The Hidden Kingmaker Of The Mughal Empire

Khanzada Begum

When the first trailer of Disney Hotstar’s ‘The Empire’ dropped, many assumed it to be another lookalike of Game of Thrones. But this series definitely defies the speculations with its incredible narration and cinematography. Drashti Dhami plays Khanzada Begum, Babur’s elder sister, who in the series is portrayed as a witty and intelligent lady who goes against anything to maintain her loyalty for her blood. Her character is strong, fierce, and yet is very emotional. But not many people know about this hidden Kingmaker of the Mughal Empire.

The story of Khanzada Begum is in itself a tale of love, heartbreak, betrayal, and the lust for reign.

Khanzada Begum, a Timurid princess who is the epitome of valor and sacrifice.

‘na talwar se na aag se, jung jeet-te hain dimaag se’

Infusing this idea, Khanzada Begum was one of the brains behind the major decisions of the Mughal Empire. Born in 1478 in Andizhan, Ferghana, as the eldest daughter of Umar Sheikh Mirza, she was a Timurid princess with mixed roots from Mongols and Timur. Khanzada was thus, a descendant of Genghis Khan from her maternal side and a descendant of Timur from her paternal side.

She was elder to the Mughal King Babur and the duo had a close relationship from the beginning. She played an important role in Baburs’s life and was responsible for many of his decisions that proved fruitful for the Empire. During 1500, the rivalry between Babur, and the Uzbeks was at its most intense. Shaybani Khan Uzbek first took control over Fergana when Babur was at war with Samarkand. When Babur, aged 14, conquered Samarkand, Shaybani Khan turned his eyes. He besieged Samarkand from outside for more than six months.

Khanzada Begum

During this time, the kingdom was losing its revenue and starvation spread among the locals. At this time, Shaybani Khan sent a message to Babur, proposing that if he would let her sister, Khanzada, marry Shaybani he would resolve the conflict and let Babur and the rest of his family leave unharmed.

Babur was first hesitant, but Khanzada agreed to his demands. He left Khanzada with Shaybani and left Samarkand with his remaining family. Through this time Babur did his best to gather an army and rescue her sister back. But in Samarkand, Khanzada was playing her own game. During her life with Khan, she’d be slandered, humiliated, and even beaten. Later, she fell for Shaybani and the duo married. Khanzada and Shaybani never had a child and the rumor of her being pregnant was also not true. Khanzada did show Shaybani that she loves her but the reality was different. Khanzada from the heart was always at her brother’s side.

Khanzada laid the foundation of the great Mughal Empire

As mentioned in Alex Rutherford’s Empire of the Moghul – Raiders of the North, when Babur sieged Samarkand from outside, Khanzada was the one who helped him know a secret passage inside the kingdom. In fact, she decided to build this passage for smooth trade, so that the kingdom won’t starve. However, the actual intention behind building the passage was to provide Babur an opportunity to directly attack the kingdom from inside.

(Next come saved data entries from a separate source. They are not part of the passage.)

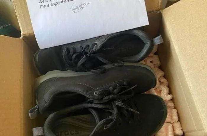"Моя мама заказала пару кроссовок на eBay. Они так и не пришли, и мы уже забыли о них, когда получили коробку. Внутри мы нашли записку с извинениями и третий ботинок в качестве компенсации"
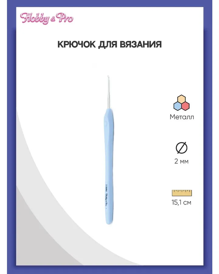 Крючок для вязания Hobby Pro из практичного металла с прорезиненной мягкой ручкой 2 мм 953200
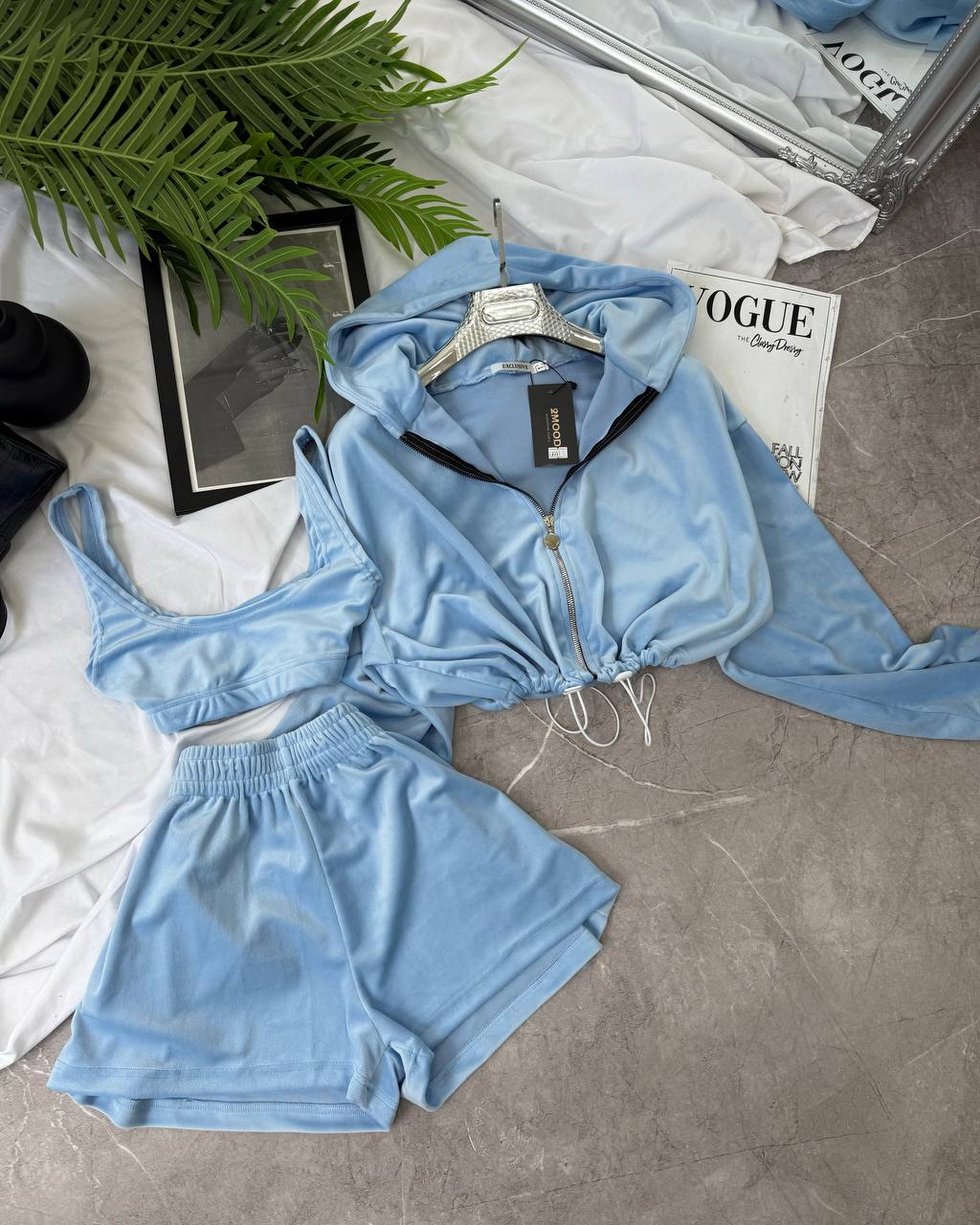 Костюм тройка, который не захочется снимать с себя! Из кофты, топа и шорт – вещи, которые можно носить отдельно. Приятная мягкая к телу ткань. Кофта идет с капюшоном и фиксаторами снизу. Топ и шорты на резинке.
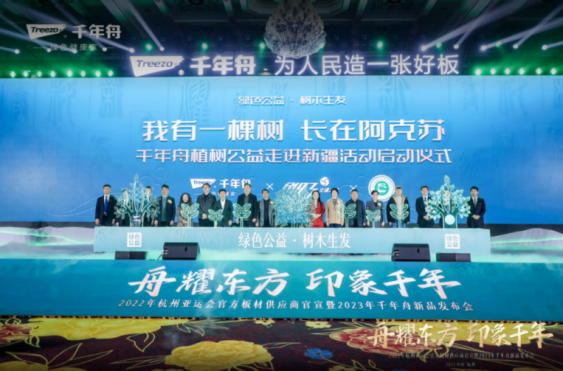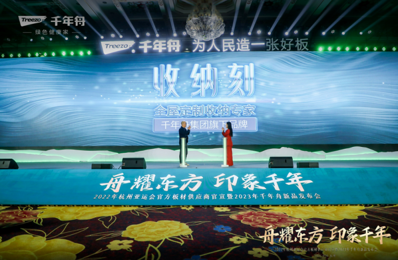 時代的洪流推動環保理念不斷升級,國民健康意識與日俱增,國民品牌的千年舟步履不停,矢志不移探索健康家居生活。2月21日,杭州亞運會官方板材供應商官宣暨2023年千年舟新品發布會在杭州·蕭山太虛湖假日酒店盛大啟幕。

Later, Shaybani divorced Khanzada because he learned about her betrayal. Shaybani in the end was defeated and Khanzada helped Babur hold the crown of Samarkand. Later, on Khanzada’s advice, he married the princess of Kabul and thus securing a new state under his name. Khanzada’s second marriage took place with Muhammad Mahdi Khwaja at an unknown date. Babur conferred on his sister, the honorable title of ‘Badshah Begum’, the first lady of his Empire.

Khanzada returned to Babus as a woman of great valor and sacrifice, who did everything to prove her commitment to Babur and her family. In the series, it is portrayed that the brain behind crowing Humayun as the heir was also Khanzada who wrote his name in the ‘Baburnama’ after Babur’s death. Thus, Khanzada plays a crucial role in establishing Mughal Empire in India.

Khanzada Begum

Khanzada didn’t have any children but when she was married to Mahdi, she took charge of his younger sister, Sultanam Begum, when she was two years old. Khanzada loved her deeply and also arranged her marriage with her nephew, Prince Hindal Mirza, the youngest son of Babur. The marriage feast that she prepared was known as the ‘Mystic Feast’, and the affair was attended by several imperial and royal guests as well as high-ranking court officials. It was the biggest marriage feast ever organized for the children of Babur.

Khanzada Begum died in 1545 at Qabal-chak, when she was on her way with Humanyun to Qandahar. The doctor’s remedies were futile as she had been suffering from a high fever for three days and died on the fourth. She was first buried in Qabal-chak but after three months, her remains were taken to Kabul and buried in the Gardens of Babur.

In the ‘Baburnama’, Babur credits his sister with the safeguarding of the regime and the family’s life and honor.